File A: [title][chapter1][chapter2][chapter3]
         ↓ split every 4MB
         Chunk1: bytes 0–4MB   (part of title + part of chapter1)
         Chunk2: bytes 4–8MB   (rest of chapter1 + start of chapter2)
         ...

File B: [different title][chapter1][chapter2][chapter3]
         ↓ split every 4MB
         Chunk1: bytes 0–4MB   (different title shifts everything)
         Chunk2: bytes 4–8MB   (now at different byte offsets)

Even if chapter1 is word-for-word identical across both files, the chunks don't align — because the different title shifted all the byte offsets. Different offsets → different chunk boundaries → different hashes → no dedup.

This is the core limitation of fixed-size chunking. It deduplicates perfectly for: - The same file uploaded twice - Large unchanged sections of a modified version of the same file (edits don't shift offsets of later chunks)

But it does not deduplicate across genuinely different files that happen to share content.

What is a byte offset?

A file is just a long sequence of bytes — like a row of numbered boxes, starting at 0. Byte offset is the position number. Byte offset 0 is the first byte, byte offset 4,000,000 is the 4-millionth byte. When you split a file into fixed-size chunks, each chunk starts at a specific byte offset. For two chunks to have the same hash, they must contain the exact same bytes — same content at the same positions within that chunk.


Content-defined chunking (beyond SDE-2 scope)#

The limitation above — that fixed-size chunking can't find shared content across different files — is solved by content-defined chunking. Instead of splitting at fixed byte offsets, you split at boundaries determined by the content itself (using a rolling hash to detect natural split points). This way, inserting a word at the beginning of a document doesn't shift all subsequent chunk boundaries.

This is used in systems like rsync and more advanced backup systems. For SDE-2 interviews, knowing the limitation of fixed-size chunking and that smarter alternatives exist is enough.


Copy-on-write with chunks#

When a user modifies a file, copy-on-write applies at the chunk level too:

User A's file → [chunk1][chunk2][chunk3]  (all shared)
User B modifies chunk2
→ New chunk2 uploaded as chunk2_new
User B's file → [chunk1][chunk2_new][chunk3]
User A's file → [chunk1][chunk2][chunk3]  ← untouched

chunk1 and chunk3 are shared between both users. chunk2 and chunk2_new are separate objects.
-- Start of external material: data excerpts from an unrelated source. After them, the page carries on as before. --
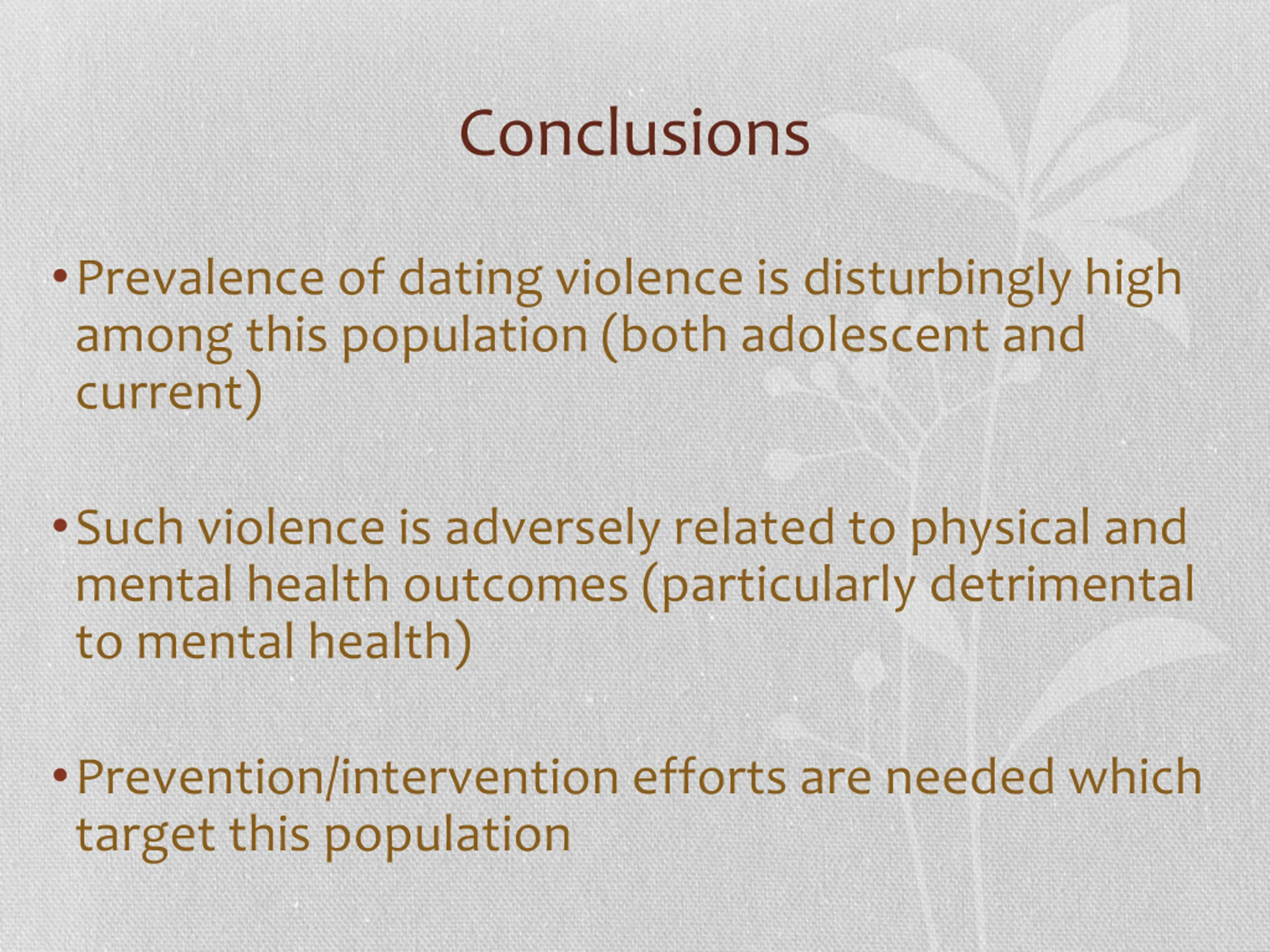 Conclusions Prevalence of dating violence is disturbingly high among this population (both adolescent and current) Such violence is adversely related to physical and mental health outcomes (particularly detrimental to mental health) Prevention/intervention efforts are needed which target this population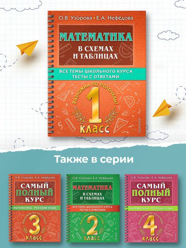 Аннотация: Математика в схемах и таблицах. Все темы школьного курса 1 класса с тестами.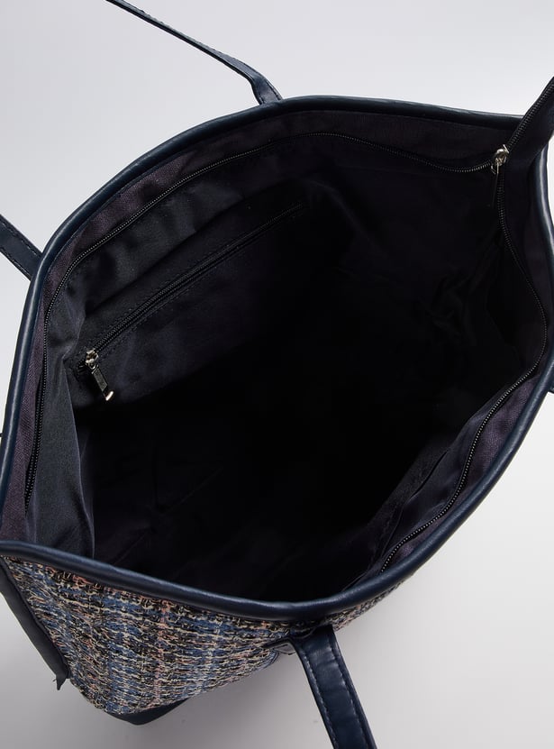 Stay organised and stylish with this bag. Equipped with a dedicated laptop compartment, a zip pocket, and a spacious main compartment with a secure zip-top, this bag ensures your tech and essentials are organized and protected. The jacquard design adds a sophisticated touch, making it perfect for work or travel.

No mutation of shared chunks ever happens.

What chunk-level dedup gives you

  • Fast re-uploads — only changed chunks need uploading
  • Storage savings — unchanged chunks stored once, shared across versions
  • Works for the same file across multiple users (if byte-identical)
  • Does NOT find shared content across different files with different byte layouts

Interview framing

"For large file storage like Dropbox, I'd use chunk-level deduplication — split each file into fixed-size blocks, hash each block, only upload blocks that aren't already in storage. Edits re-upload only the changed blocks. This is how Dropbox handles fast re-syncs of large files."